_What is needed_. Your task is to return the listing below word for word, without any of its images.
=======
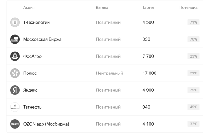 Кратко проанализируем его современное состояние. Так, по-прежнему среди лидеров индекса – IT-компании, агропромышленный сектор, а также добыча и переработка полезных ископаемых. Из первой семерки компаний – держателей акций-фаворитов лишь у «Полюса» нейтральный статус при таргете в 17 000 и самый низкий, по оценкам экспертов, потенциал. Наиболее успешным же вновь стали «Т-Технологии», которые удерживают лидерство в рейтинге уже продолжительный период (рисунок 1).
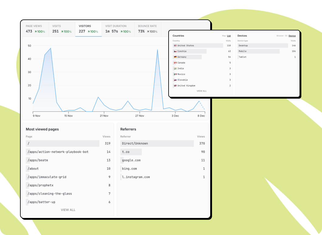 Page views, clicks, submissions, user paths. See what's happening the second you publish.
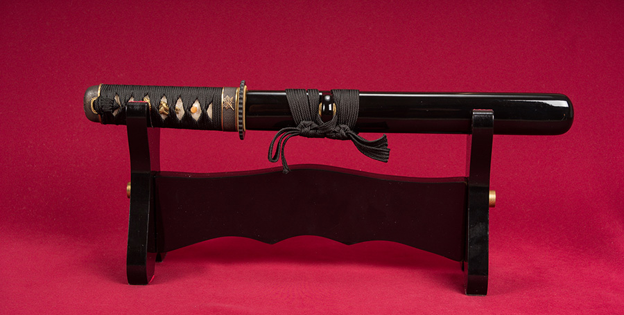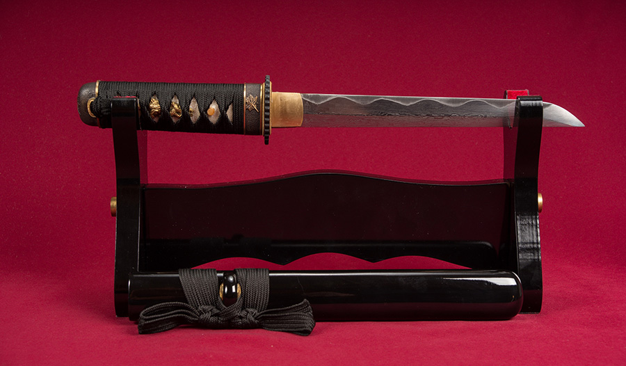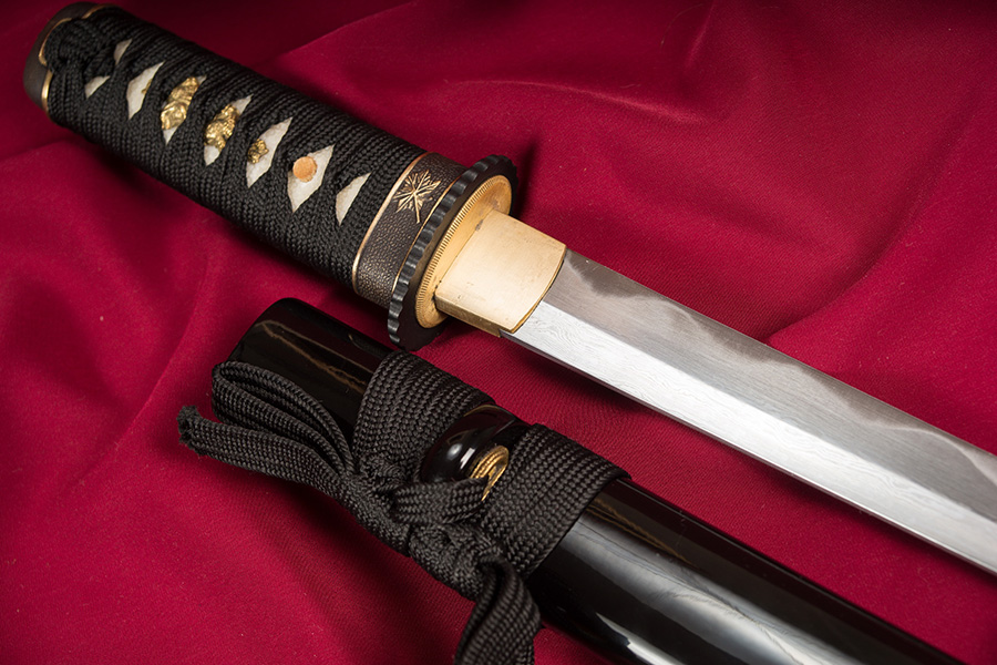 Acélpengével készített díszkard. A tsuba anyaga cink-alumínium öntvény, a kardhüvely lakkozott keményfából készül.
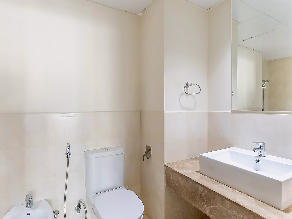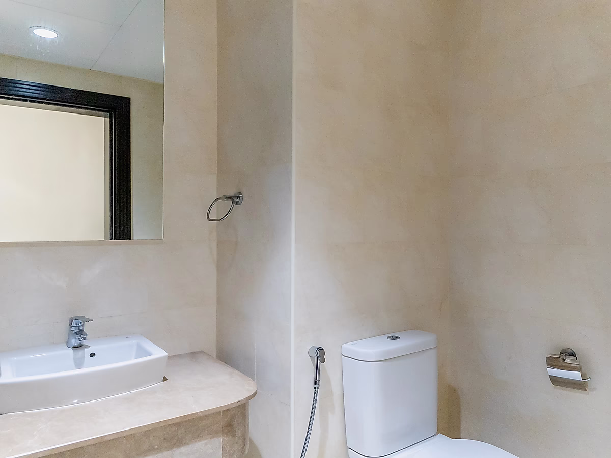 - Stylish bathroom boasting modern fixtures and premium tiling.
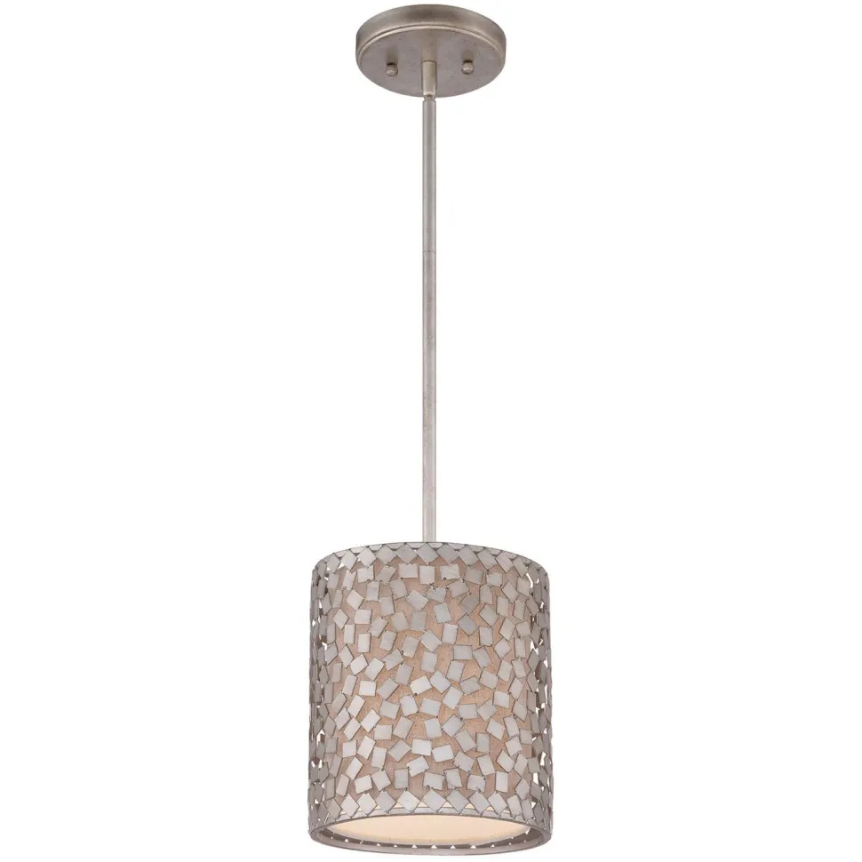 Kleine Plättchen in Silber antik bilden einen zweiten Schirm, der die Deckenlampe zu einem Hingucker macht
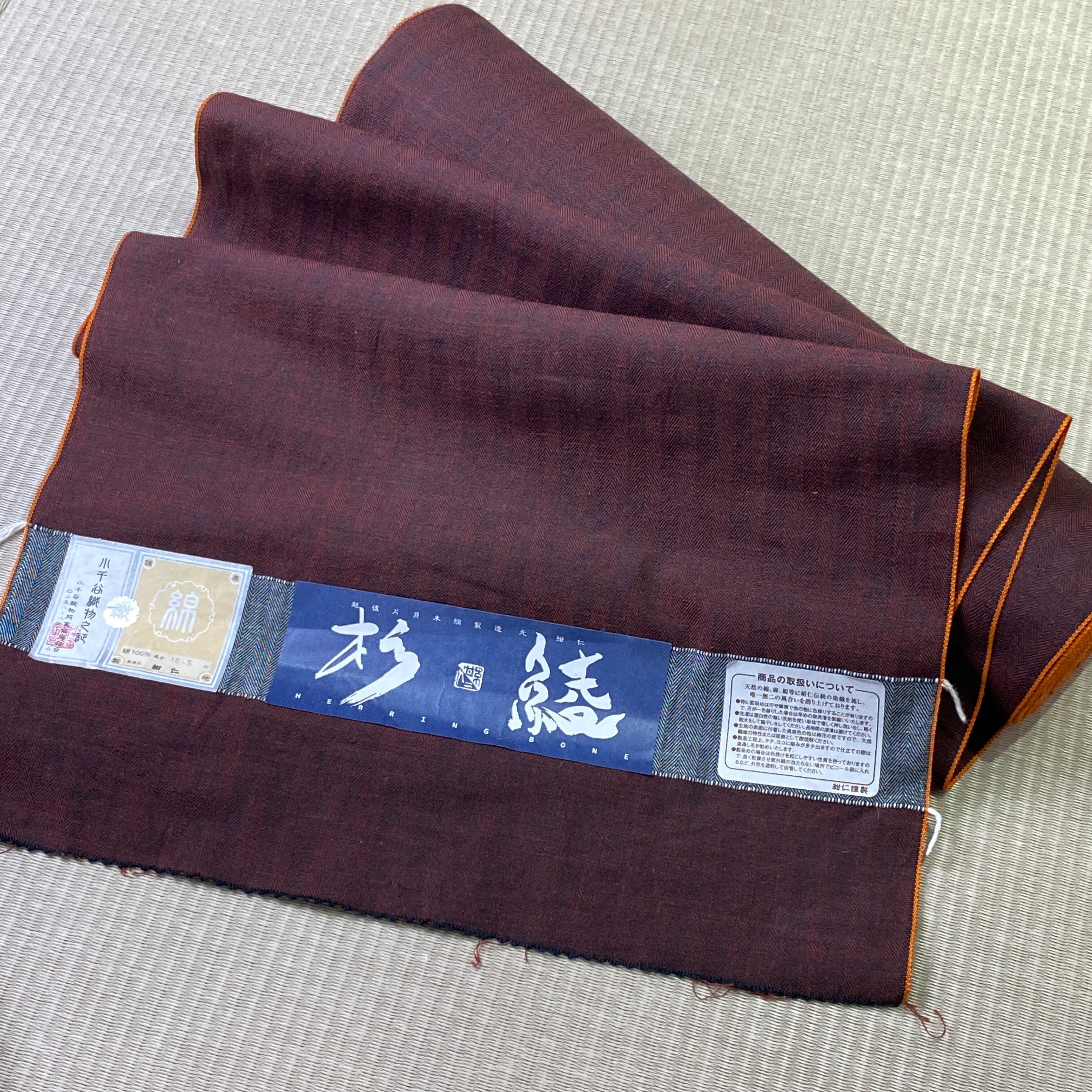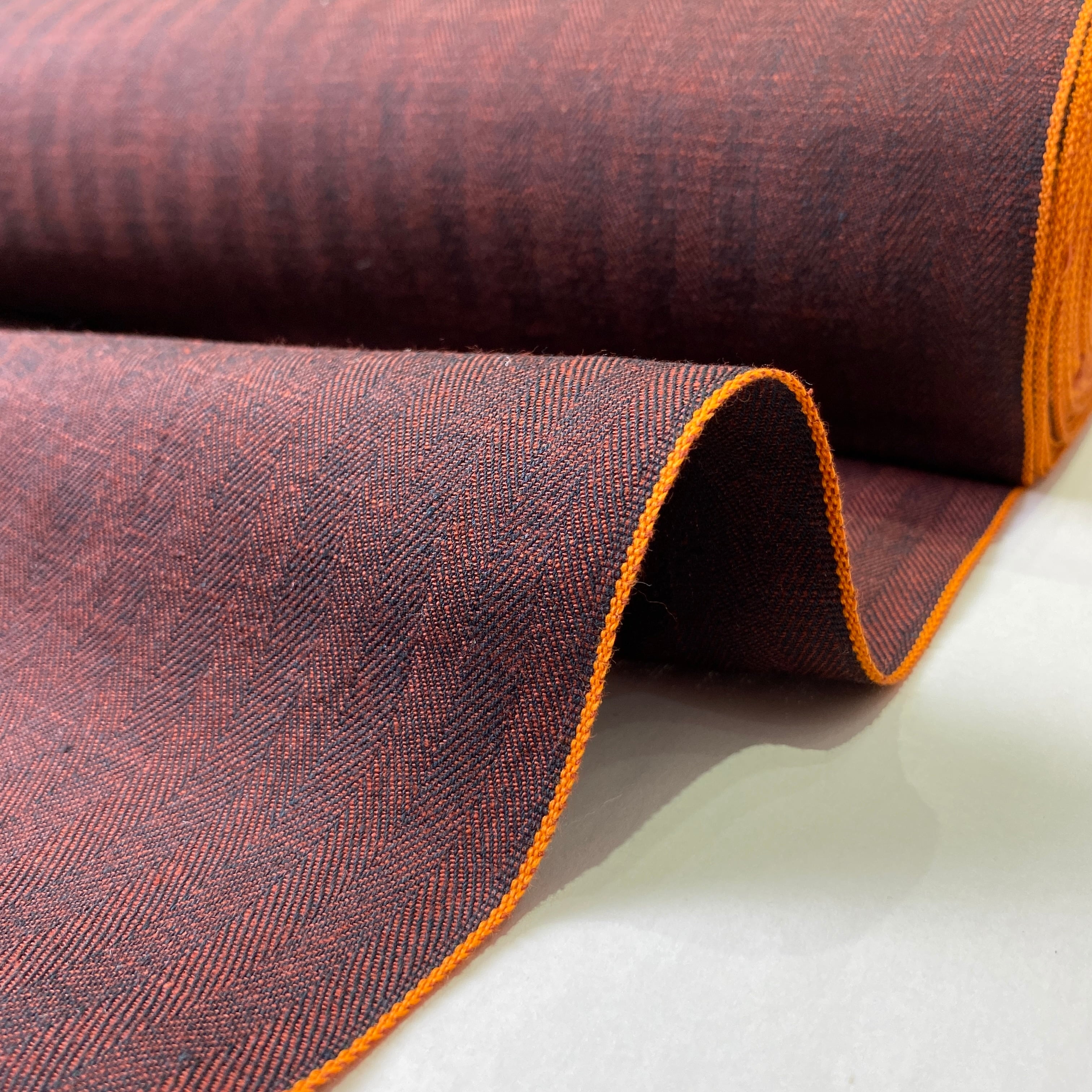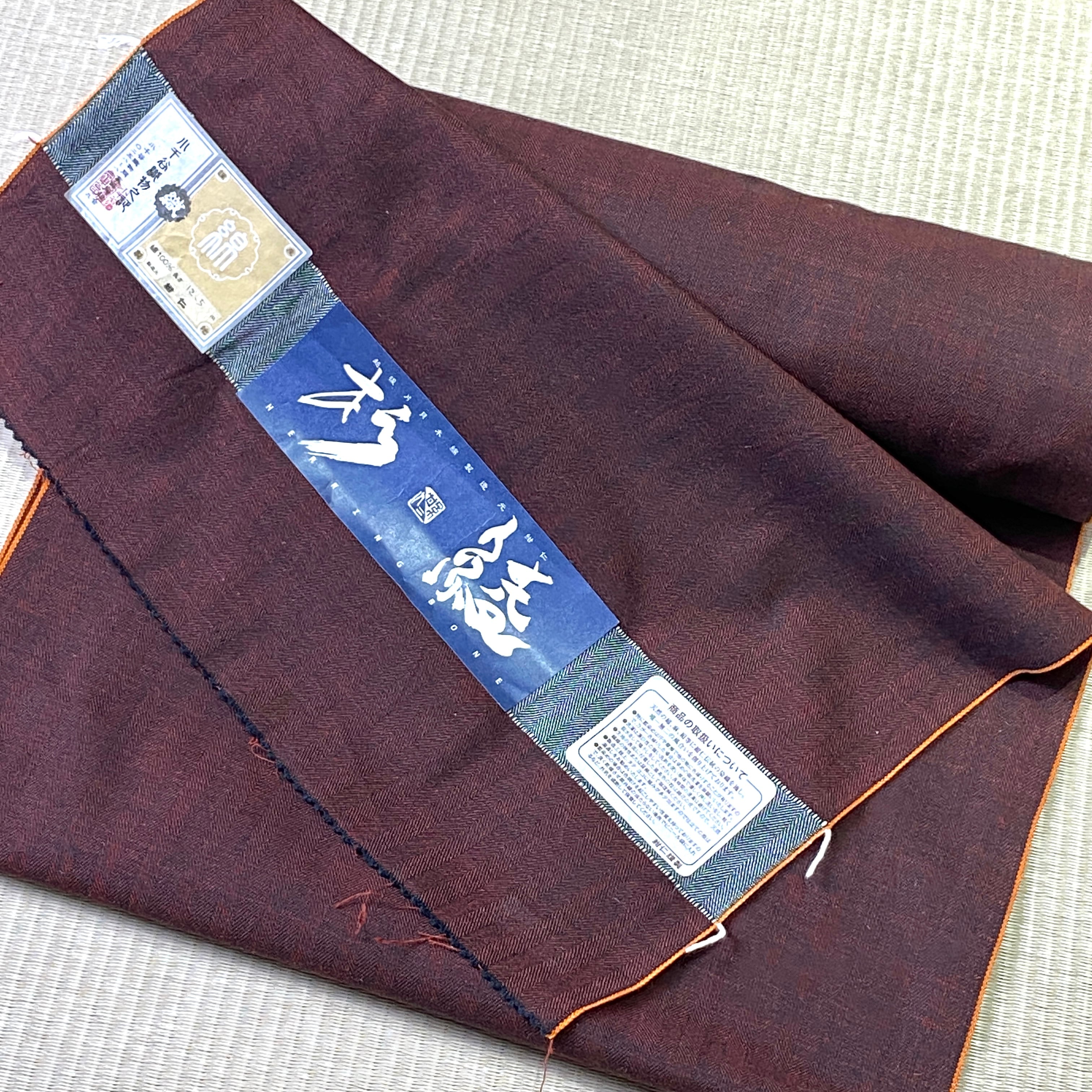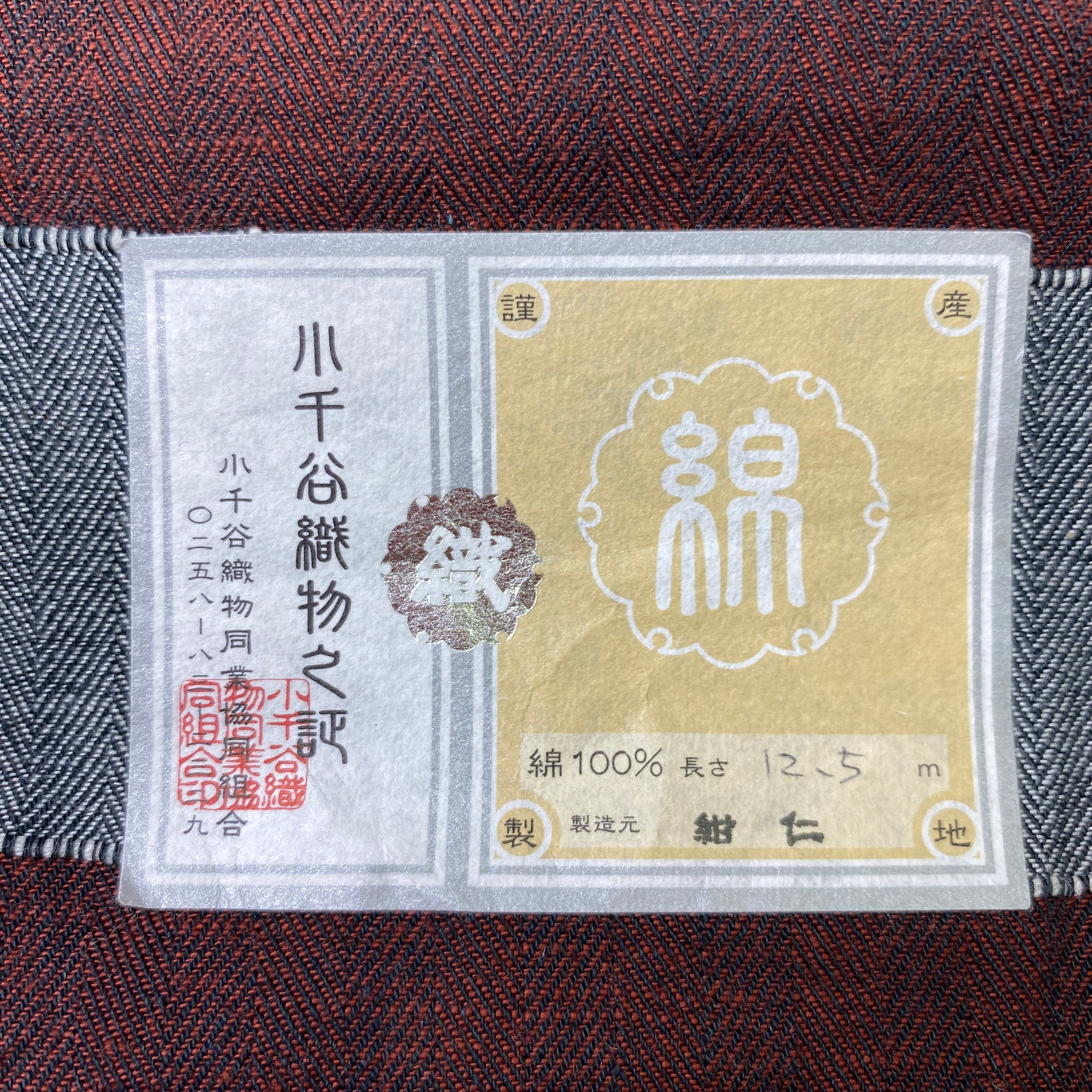 両端の赤耳は仕立て上ったときには隠れてしまう部分ですが、反物として確固たる存在を主張する、作り手のこだわりを感じさせる部分でもあります。
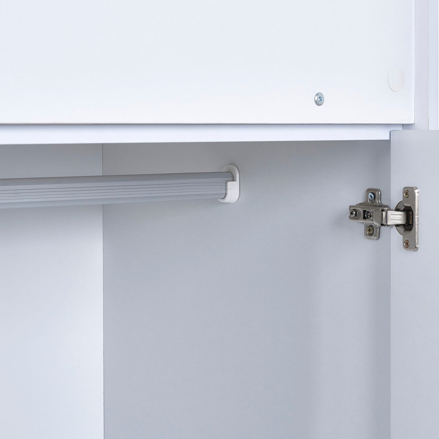 - Features a corner desk, one-door wardrobe, and built-in shelving units
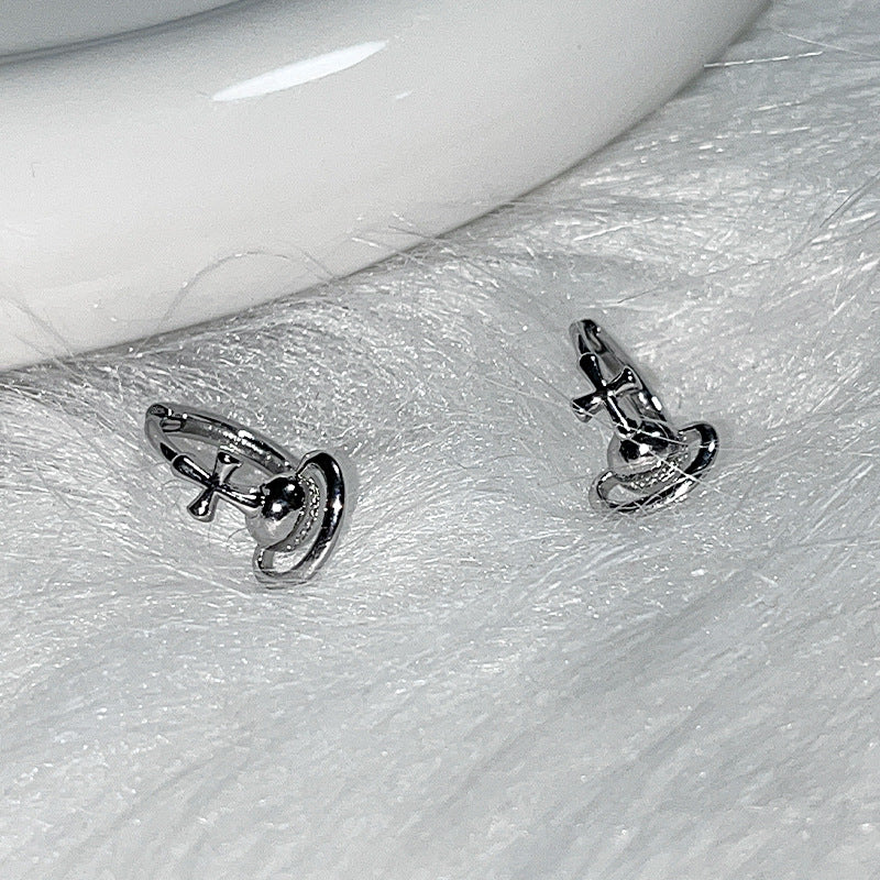 1 Pair Fashion Cross Planet Saturn Copper Plated Hoop Earrings
=======
_Written solution_.
 Кратко проанализируем его современное состояние. Так, по-прежнему среди лидеров индекса – IT-компании, агропромышленный сектор, а также добыча и переработка полезных ископаемых. Из первой семерки компаний – держателей акций-фаворитов лишь у «Полюса» нейтральный статус при таргете в 17 000 и самый низкий, по оценкам экспертов, потенциал. Наиболее успешным же вновь стали «Т-Технологии», которые удерживают лидерство в рейтинге уже продолжительный период (рисунок 1).
 Page views, clicks, submissions, user paths. See what's happening the second you publish.
 Acélpengével készített díszkard. A tsuba anyaga cink-alumínium öntvény, a kardhüvely lakkozott keményfából készül.
 - Stylish bathroom boasting modern fixtures and premium tiling.
 Kleine Plättchen in Silber antik bilden einen zweiten Schirm, der die Deckenlampe zu einem Hingucker macht
 両端の赤耳は仕立て上ったときには隠れてしまう部分ですが、反物として確固たる存在を主張する、作り手のこだわりを感じさせる部分でもあります。
 - Features a corner desk, one-door wardrobe, and built-in shelving units
 1 Pair Fashion Cross Planet Saturn Copper Plated Hoop Earrings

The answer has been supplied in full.